Consulting firm The Strawhecker Group is out with its 2016 rankings of U.S. merchant acquirers, and they show that 240 acquirers and independent sales organizations processed more than $5 trillion in payment volume. The 10 biggest acquirers accounted for 80% of that volume.
Topping the list is JPMorgan Chase & Co.’s Chase Commerce Solutions, which posted $1 trillion in U.S. volume last year. Next was First Data Corp.’s direct acquiring business, with $770 billion.
The next eight, in order, were: Bank of America Merchant Services, Vantiv Inc., U.S. Bancorp’s Elavon subsidiary, Wells Fargo Merchant Services, Global Payments Inc. (excluding its Heartland Payment Systems and OpenEdge units), Citigroup Inc.’s Citi Merchant Services, Heartland, and TSYS Merchant Solutions/TransFirst.
First Data, however, is the clear leader when all of its sprawling acquiring businesses, including joint ventures with some of the nation’s biggest banks, are added together. The Atlanta-based firm processes for BofA, Wells Fargo, Citi, SunTrust, PNC, and through them, scores of ISOs, many of them billion-dollar-plus entities in themselves. Combined, those five bank partnerships alone generated $1.31 trillion in volume last year, putting First Data’s estimated total volume at more than $2 trillion.
“Having those bank partners is critical to acquiring large enterprise merchants,” says Jared Drieling, director of business intelligence at TSG.
Similarly, Atlanta-based Global Payments processed $350 billion when Heartland and OpenEdge, the latter of which serves value-added resellers and independent software vendors, are included. OpenEdge processed $20 billion in volume last year, according to Omaha, Neb.-based TSG.
TSG derived its data from a survey sent to acquirers and its own estimates, according to Drieling. More than half the surveyed companies responded, he says.
The transaction leader was Vantiv, which has a large PIN-debit processing business, with an estimated 21 billion transactions. TSG estimates that San Francisco-based Square Inc. has more merchant locations than any other acquirer, with 2.5 million. Square’s original proposition beginning in 2009 was signing part-time sellers and micro businesses.
The acquiring industry continued its longstanding consolidation trend over the past year, with Symmes Township, Ohio-based Vantiv buying the U.S. unit of Canada’s Moneris Solutions in December for $406.8 million in cash. Global Payments bought Heartland in June, and Total System Services Inc. (TSYS) bought TransFirst in April.
“I think that M&A activity will remain healthy and we’ll likely see more strategic smaller, technology-focused acquisitions,” says Drieling.
Indeed, processors increasingly are trying to differentiate themselves by the technology they offer merchants, not just a low discount rate, according to Drieling.
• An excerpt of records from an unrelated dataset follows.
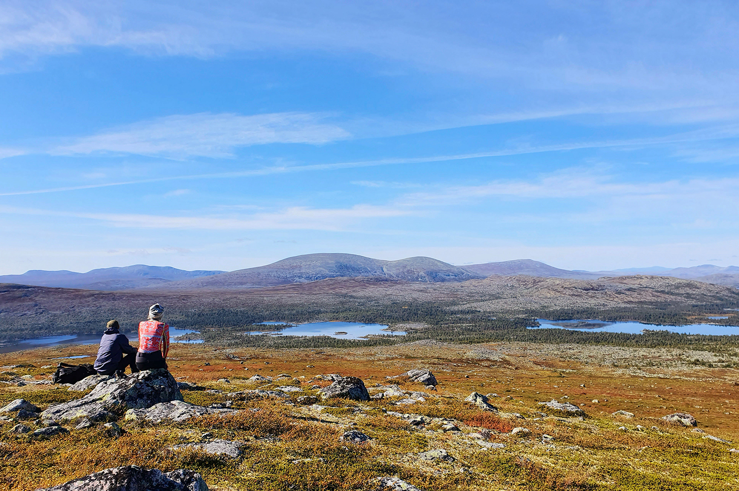 Efter en lättvandrad stig går vandringen över trädgränsen upp på fjället och du möter en mer storblockig terräng. Från toppen har du en fantastisk utsikt över omkringliggande fjäll och vattendrag.
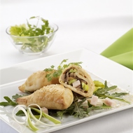 Place 1.5 tablespoons of the mixture on the chicken sheet. Form rolls and place them in a baking dish.
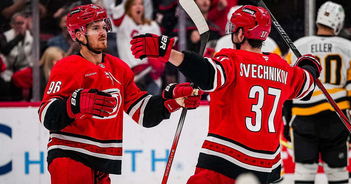 «Каролина Харрикейнз»-»Питтсбург Пингвинз» 5:1. Джек Рослович набрал 3 очка (2+1), Джейлен Чэтфилд отдал 3 результативные передачи, Себастьян Ахо отдал 2 результативные передачи, Андрей Свечников и Дмитрий Орлов отдали по результативной передаче, Пётр Кочетков отразил 35 бросков. «Ураганы» выиграли 8 игру подряд.

He points to First Data’s strong push to distribute its Clover line of devices, and there are many others, including Square with its proprietary mobile and point-of-sale technology.
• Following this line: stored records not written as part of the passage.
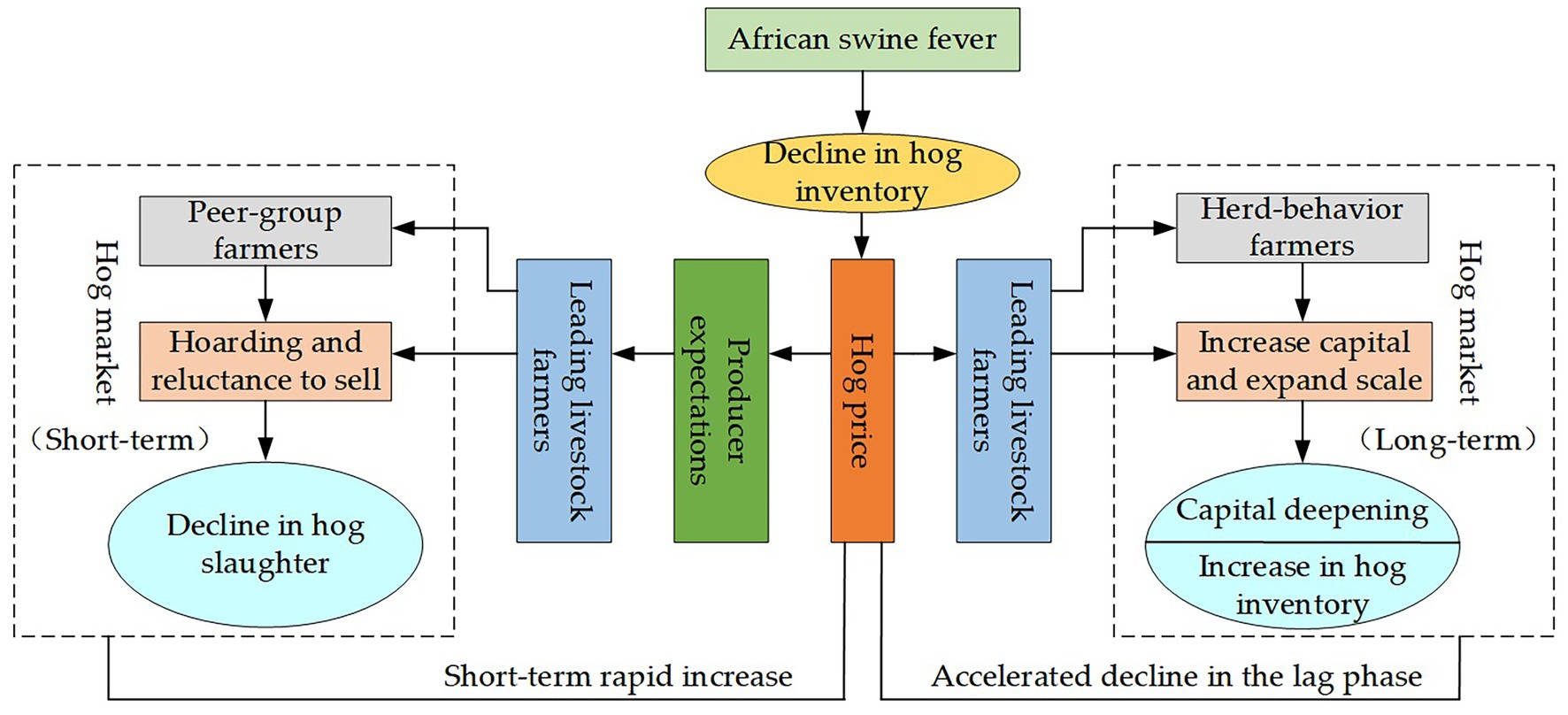 China is a major producer and consumer of pork, and the hog industry plays a pivotal role in safeguarding national food security, increasing farmers’ income, and promoting rural economic development. However, since the beginning of the 21st century, frequent outbreaks of swine diseases have occurred in China. The African swine fever (ASF) outbreak in 2018, in particular, exhibited high virulence and strong environmental resistance. It spread through multiple pathways, and no effective vaccine was available for prevention. Characterized by high mortality and high infectivity, the disease not only caused significant losses for many farmers but also altered the industrial structure and market dynamics of China’s hog farming sector, leading to severe impacts on the industry (1). Statistical data indicate that by the end of August 2019, 147 outbreaks of ASF had been reported across all 31 provincial-level regions in China1. And approximately 1.2 million pigs were culled by the end of that year. This led to a 27.5% year-on-year decrease in the national live hog inventory compared to 20182, and the hog industry has witnessed an unprecedented fluctuation in production capacity. By the end of 2023, the top 20 large-scale swine enterprises in the country accounted for 27.4% of the total hog output, representing a 16.7 percentage point increase from 20193, which reflects further capitalization in the hog industry. In Das Kapital, Marx proposed that the process of transforming surplus value into capital is termed capital accumulation (2). Capitalization, as an extension and deepening of capital accumulation, refers to the process of converting various equities and assets into capital. Building upon this concept, hog farming capitalization denotes the transformation of inputs or resources in hog production into long-term assets or capital, with its most direct manifestation being the scaling-up of hog farming operations. In pursuit of surplus value, capital-intensive hog farms increase capital input to replace traditional labor factors of production. This essentially reflects the practical application of Marx’s theory of the organic composition of capital in the hog industry. Particularly since the outbreak of ASF, a large number of small-scale farms withdrew from the market due to unprofitability (3). In contrast, larger capitalized farms, benefiting from greater financial resources, technological capabilities, and managerial advantages (4), exhibited higher resilience to the epidemic’s impacts. The proportion of market hogs supplied by farms with an annual output of fewer than 500 head dropped sharply from 57% in 2017 to 35% in 20224. This shift represented a production capacity transfer of approximately 150 million head. The exit rate of small-scale farmers averaged about 7.4 percentage points per year, far exceeding the natural attrition rate. Consequently, the ASF outbreak has objectively accelerated the capitalization process in hog farming. Against this backdrop, examining the accelerating effects and underlying mechanisms of ASF on hog farming capitalization holds substantial practical significance.
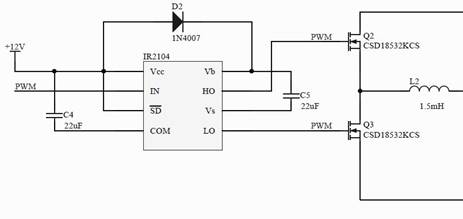 STM32串口输出的PWM波不能直接控制开关管的开通与关断,需要加上驱动电路放大PWM波信号,以保证其驱动的能力。选用IR2104驱动芯片,芯片有使能端口和自带死区,可以避免短路的情况发生。
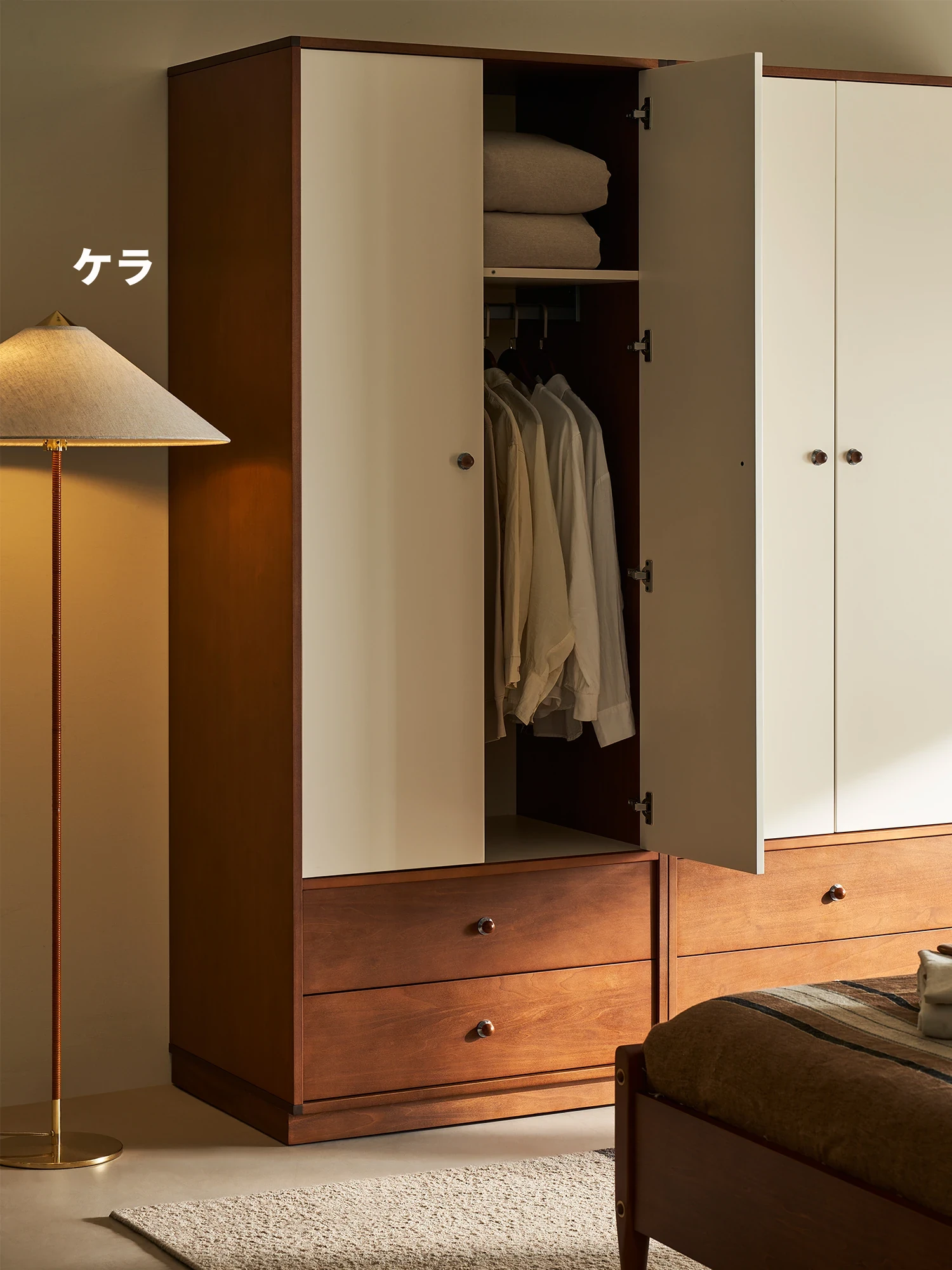 Kena可纳 隅白実木ワードローブ 家庭用寝室収納キャビネット 中古レトロデザイン 2ドア主寝室用キャビネット Z - おしゃれで機能的な収納力を実現!あなたの寝室を美しく整えます。

“In 2017, we’ll witness more and more acquirers and other payment entities define themselves as technology providers, either in reality or through marketing, to showcase that they are an ideal payment partner for the changing merchant environment who can provide that seamless, efficient payment platform, any time and anywhere for consumers,” says Drieling.
Other acquirers, notably Vantiv and Global Payments, have put considerable resources into distinct sales channels, such as offering payment services through ISVs and VARs that provide business-management software applications to merchants.
Still others, including Elavon, which has many travel-industry merchants, as well as Global Payments, go after industry verticals. Global Payments’ Heartland unit has a large portfolio of restaurant merchants.
“By specializing, the acquirer is able to provide more value to their merchant clients through understanding the individualized needs of an industry,” says Drieling.